While TGF-β and TNF-α were chosen for their well-established relevance in liver fibrosis and therapeutic potential, it is important to acknowledge that other pathways, such as platelet-derived growth factor (PDGF), mitogen-activated protein kinase (MAPK), mitogen-activated protein kinase/ERK kinase (MEK), mammalian target of rapamycin (mTOR), and protein kinase B (AKT), are also critical in the fibrogenic process. These pathways are involved in cell proliferation, survival, and metabolism, contributing to the complex network of signaling events that drive fibrosis. Future studies should extend the investigation to these additional pathways to provide a more comprehensive understanding of the antifibrotic potential of the selected herbal compounds. This could involve computational screening and experimental validation targeting these pathways.
Given the complexity of fibrosis, a multi-target therapeutic approach that modulates several of these pathways may be more effective. This approach could involve combining compounds that target different pathways or developing single compounds that can modulate multiple signaling cascades.
The primary strength of this study lies in its comprehensive analysis of multiple herbal compounds across two critical fibrotic pathways (TGF-β and TNF-α). However, the limitations include the reliance on in silico methods, which may not fully capture the complex biological interactions in vivo. Future studies should aim to validate these findings through experimental models and clinical trials to ensure the translational potential of these herbal compounds.

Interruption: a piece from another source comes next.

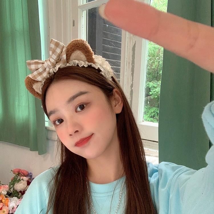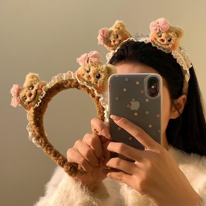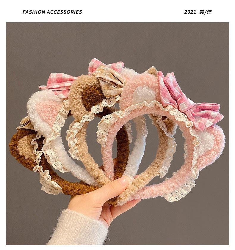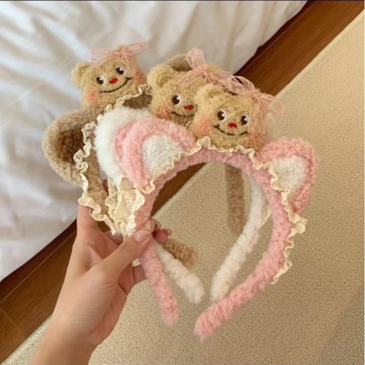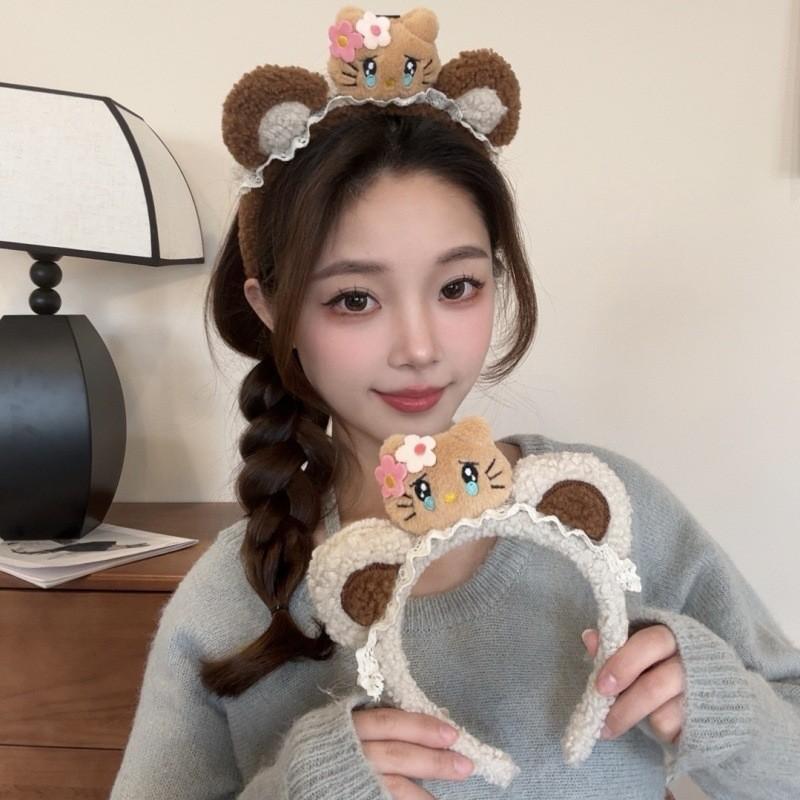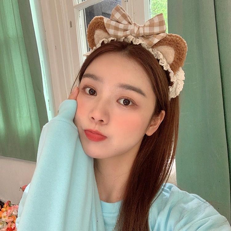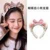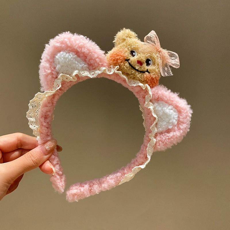 Diadema de Pelo de Oso de Mantequilla de Dibujos Animados Encaje Lazo Encaje Lavar Cara Diadema Suave Lindo Orejas de Oso Niña Accesorios para el Cabello de Felpa

This in silico study provides key insights into the potential anti-fibrotic effects of various herbal compounds, particularly those targeting TGF-β and TNF-α proteins. Ginseng and danshen exhibited the strongest binding affinities, indicating their potential as effective agents in managing liver fibrosis. Other compounds, like silymarin, berberine, and anthocyanin, also showed promising activity, though to a lesser extent. However, the study’s reliance on computational screening alone limits the ability to draw firm conclusions about the efficacy and safety of these compounds in a biological context. The in silico approach, while useful for initial screening, cannot fully capture the complex biological processes involved in fibrosis or predict the dynamic effects of these compounds in vivo. Therefore, further validation through in vitro and in vivo studies, as well as clinical trials, is essential to confirm the anti-fibrotic potential of these herbal drugs. Additionally, the study did not investigate other crucial pathways involved in fibrogenesis, such as PDGF, MAPK, MEK, mTOR, and AKT, which could provide a more holistic understanding of these compounds’ anti-fibrotic actions. Future research should address these pathways and consider the effects of these herbal drugs across different chronic liver disease etiologies to develop a more effective therapeutic strategy. In conclusion, while this study highlights the potential of herbal compounds like ginseng and danshen in targeting liver fibrosis, it underscores the need for further research to validate these findings and explore additional mechanisms of action.